━━━━━ Data provided ━━━━━

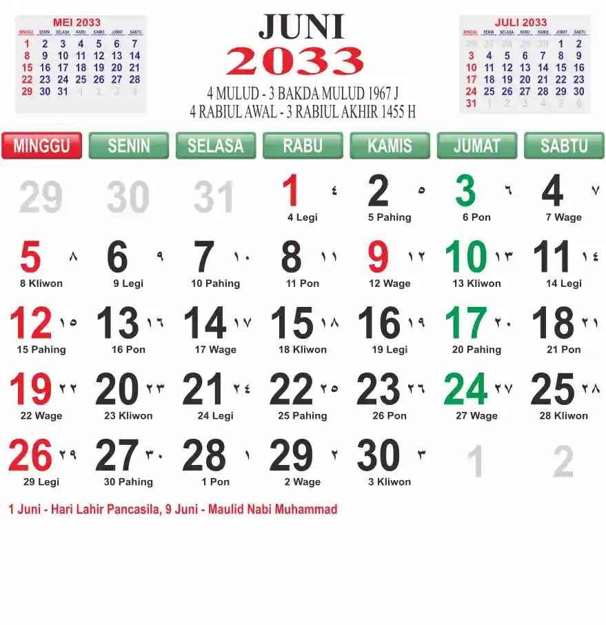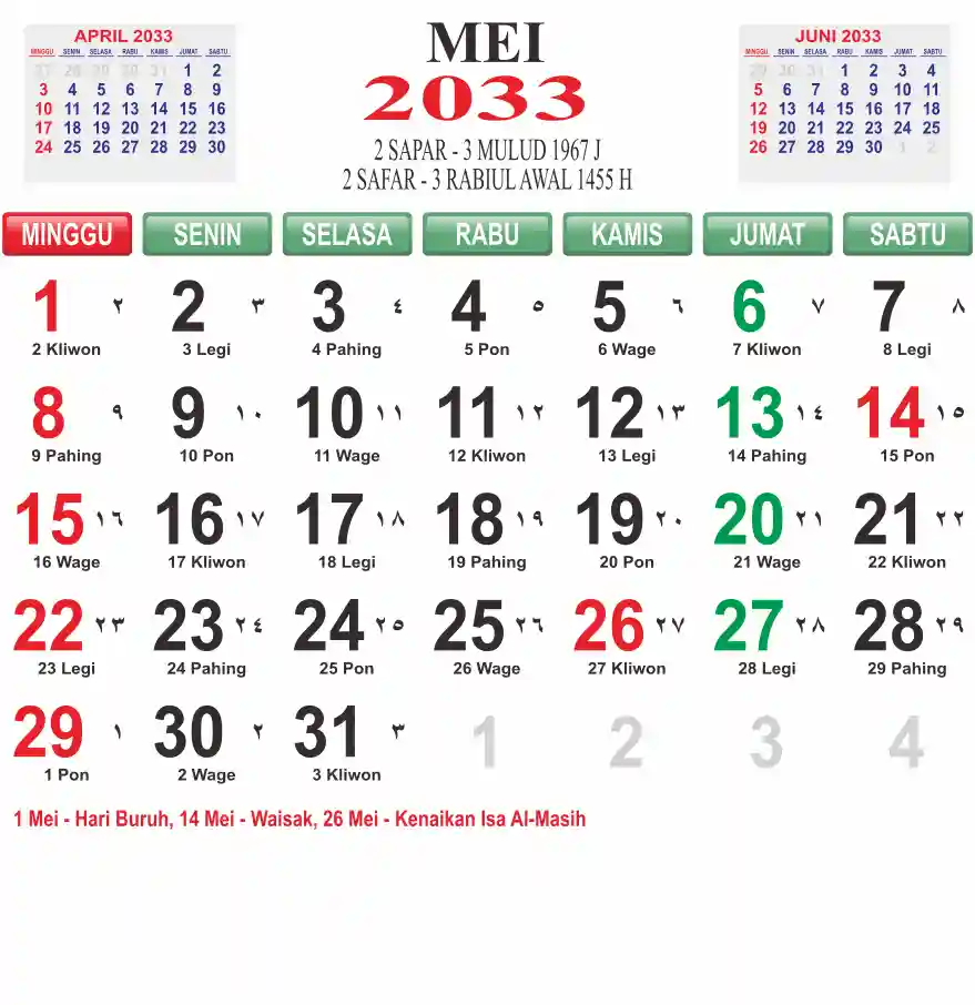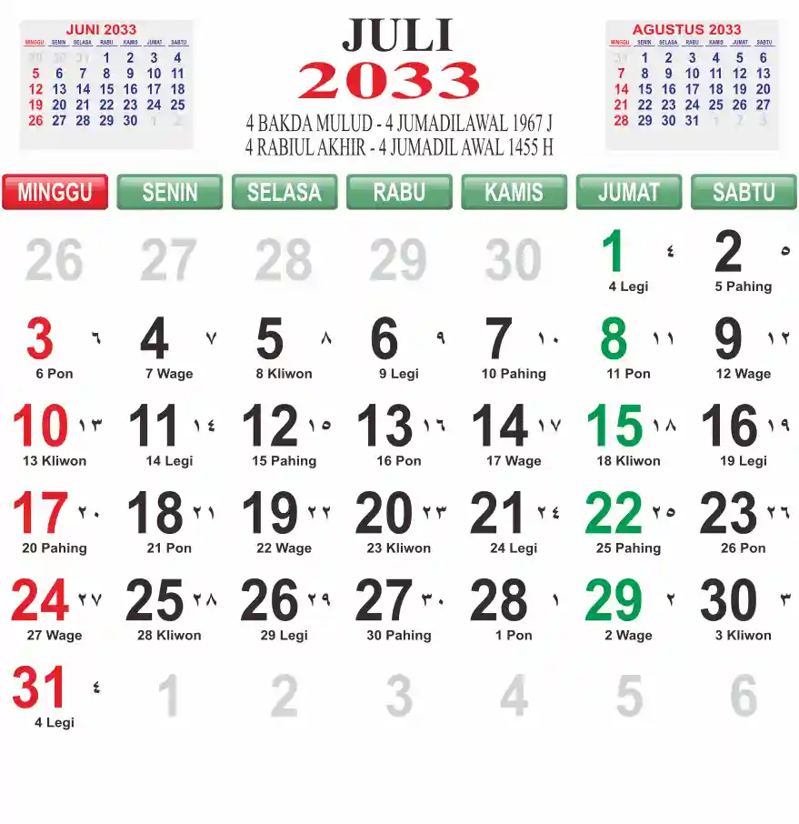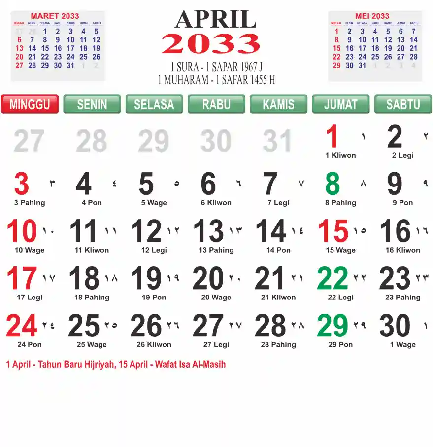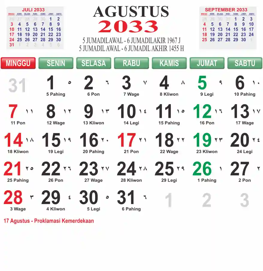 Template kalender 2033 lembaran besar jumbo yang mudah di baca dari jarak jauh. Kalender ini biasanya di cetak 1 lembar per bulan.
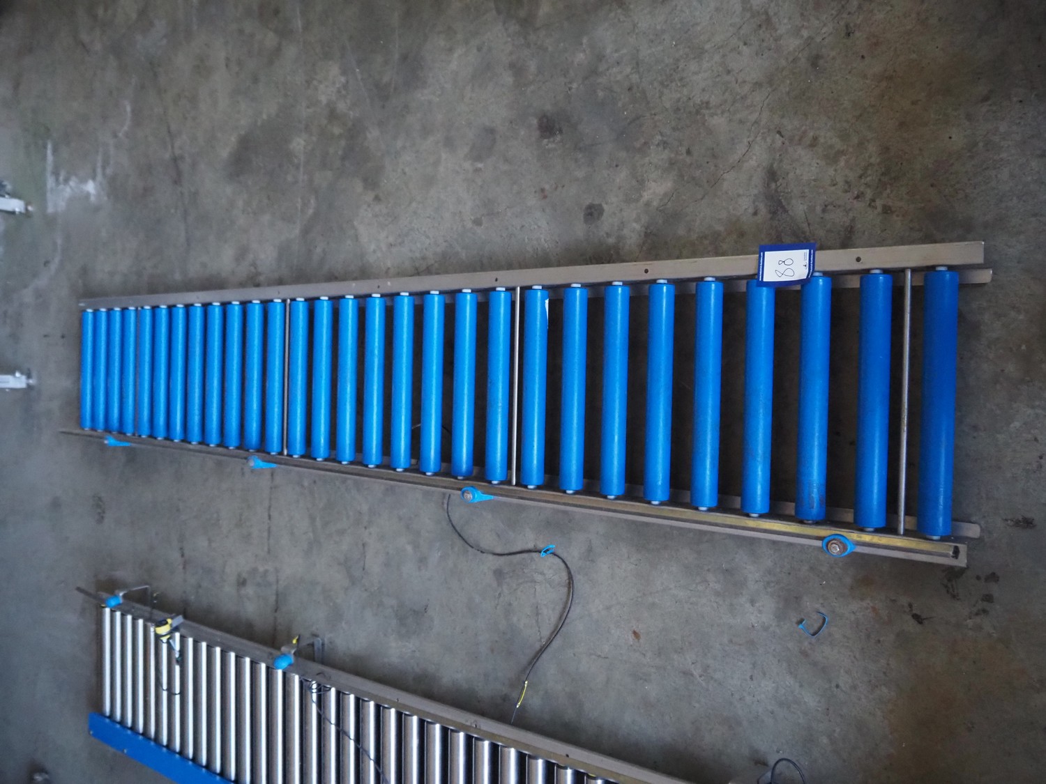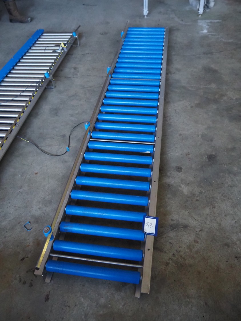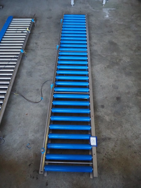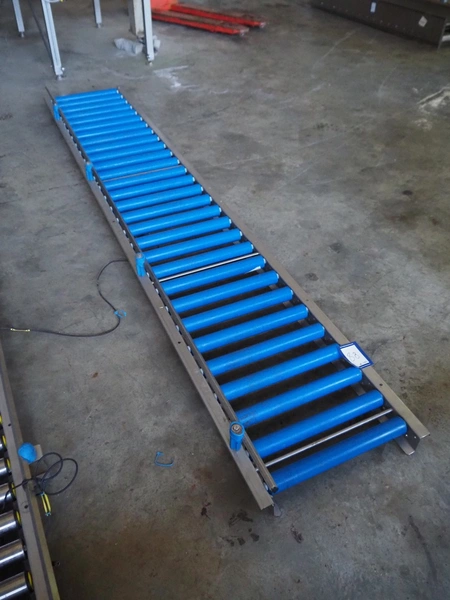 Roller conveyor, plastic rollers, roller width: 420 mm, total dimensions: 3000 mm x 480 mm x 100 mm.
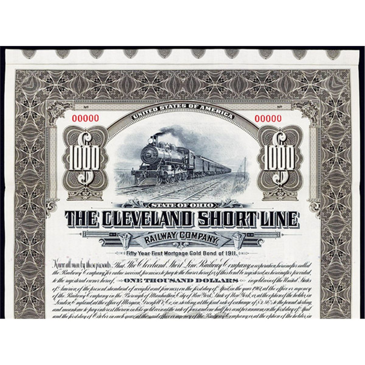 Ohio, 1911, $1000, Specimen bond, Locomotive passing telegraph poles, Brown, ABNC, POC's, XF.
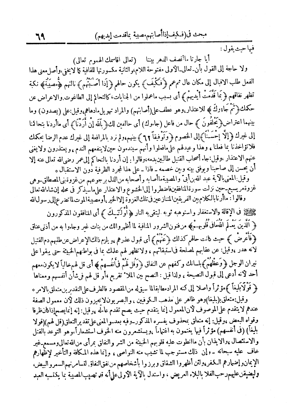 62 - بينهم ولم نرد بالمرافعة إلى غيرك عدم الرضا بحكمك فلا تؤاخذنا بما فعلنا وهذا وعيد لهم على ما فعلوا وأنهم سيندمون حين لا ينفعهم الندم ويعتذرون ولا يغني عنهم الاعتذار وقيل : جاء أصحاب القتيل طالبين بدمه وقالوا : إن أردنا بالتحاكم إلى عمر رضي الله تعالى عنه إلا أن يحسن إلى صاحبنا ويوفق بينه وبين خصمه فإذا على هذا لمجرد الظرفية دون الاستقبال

━━━━━

Make an exact copy of the lines above, beginning with the line with "Roller conveyor, plastic" and ending with the line with "Ohio, 1911, $1000, Specimen", and keep the pictures out of it.

 Roller conveyor, plastic rollers, roller width: 420 mm, total dimensions: 3000 mm x 480 mm x 100 mm.
 Ohio, 1911, $1000, Specimen bond, Locomotive passing telegraph poles, Brown, ABNC, POC's, XF.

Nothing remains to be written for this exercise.